Second: Seeing as how the entire point of the glue function appears to be for saving and restoring the caller’s TOC, then because a tail call never returns to the caller, it seems that you can just skip the glue entirely, and simply loading the target’s TOC into r2 and then branching (without link).
Ah, but what if the target turns out to be a glue routine?
I expect that people who complain about the madness of IA-32 (*especially* IA-32; IA-64 has a great deal more sanity) are referring to the fallout from the following: Going from 16-bit to 32-bit, and the increasing sophistication of CPUs.
The x86 instruction set is actually a pretty nice instruction set. It has a lot of specialty instructions, especially for supporting loops, string handling, and function calls.
However, a number of things conspired to turn the elegance of the architecture into ugliness:
1. Going from 16-bit to 32-bit: The instruction set stayed pretty much the same, but all immediate values inside machine-word-sized instructions went from 16 bits to 32 bits. Since a typical instruction with an immediate was 3-4 bytes in 16-bit mode, that meant it became 5-6 bytes in 32-bit mode: which is a 50-67% increase in the size of instructions that required an immediate.

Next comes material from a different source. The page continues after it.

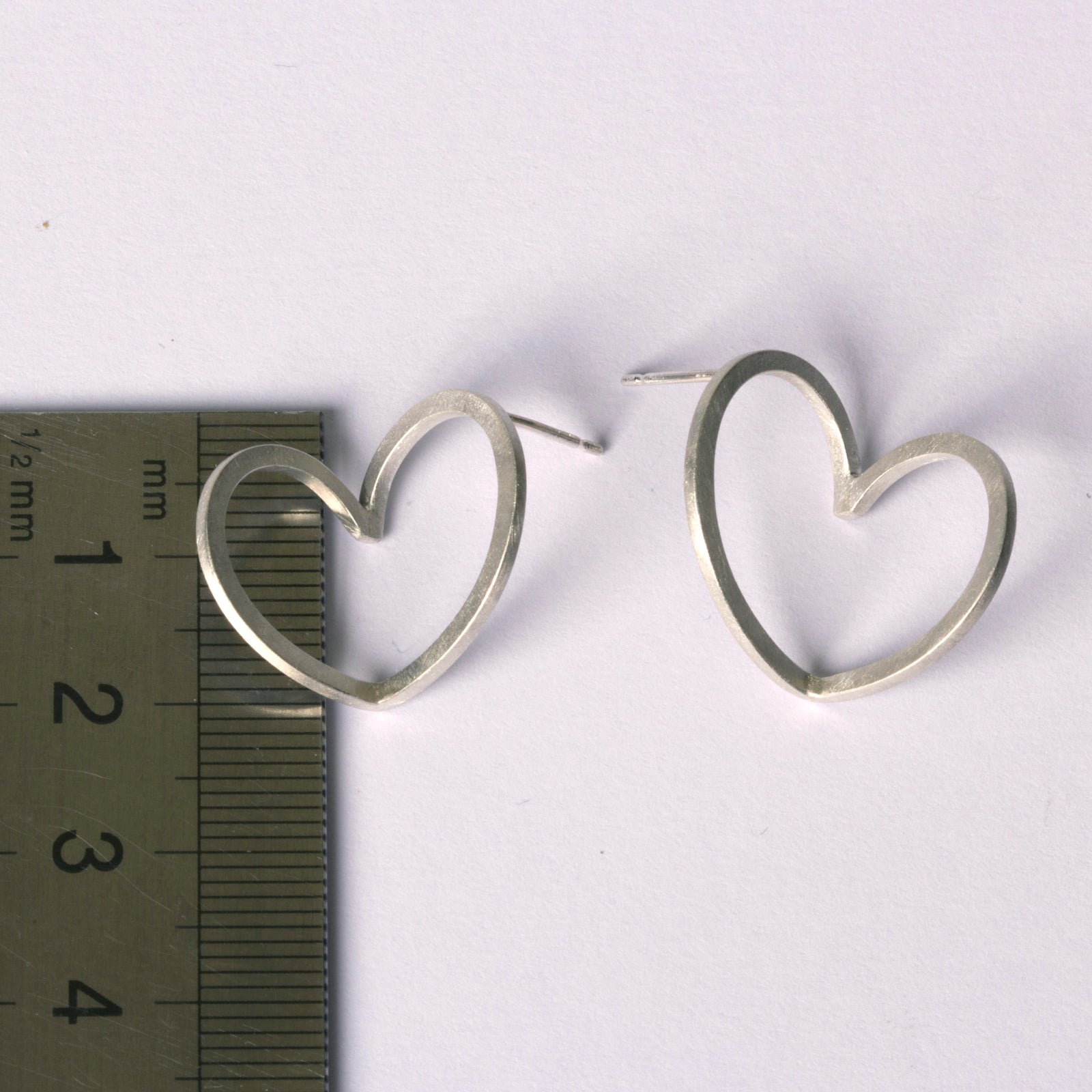 The Angles & Curls collection is based on sketches and studies of ironwork within architecture. The Folded Curl motif recurs throughout the collection as a core element. A play on traditional heart studs. Fun, easy to wear, great for gifts! The sterling silver is finished with a glass brush finish that creates a matt glow.

This was especially noticable for instructions that were loading small constants into registers.
2. Because there were so few registers, and because most useful instructions can directly reference memory, compilers (and assembly language programmers) would be forced to emit code that directly referenced memory addresses.
When combined with #1, this means that in 32-bit mode, many instructions that are only 4 bytes on a RISC system are *more* than 4 bytes on IA-32. Strike one.
Furthermore, temporaries that would be stored in a register on a RISC system must be written to main memory, with all the latency and cache effects that implies. Strike two.
3. Out-of-order execution was a death knell for a lot of the more fancy instructions.
OOE is crucial for a modern CPU to achieve anwhere near maximum performance; inversely, anything that prevents OOE must be avoided as much as possible.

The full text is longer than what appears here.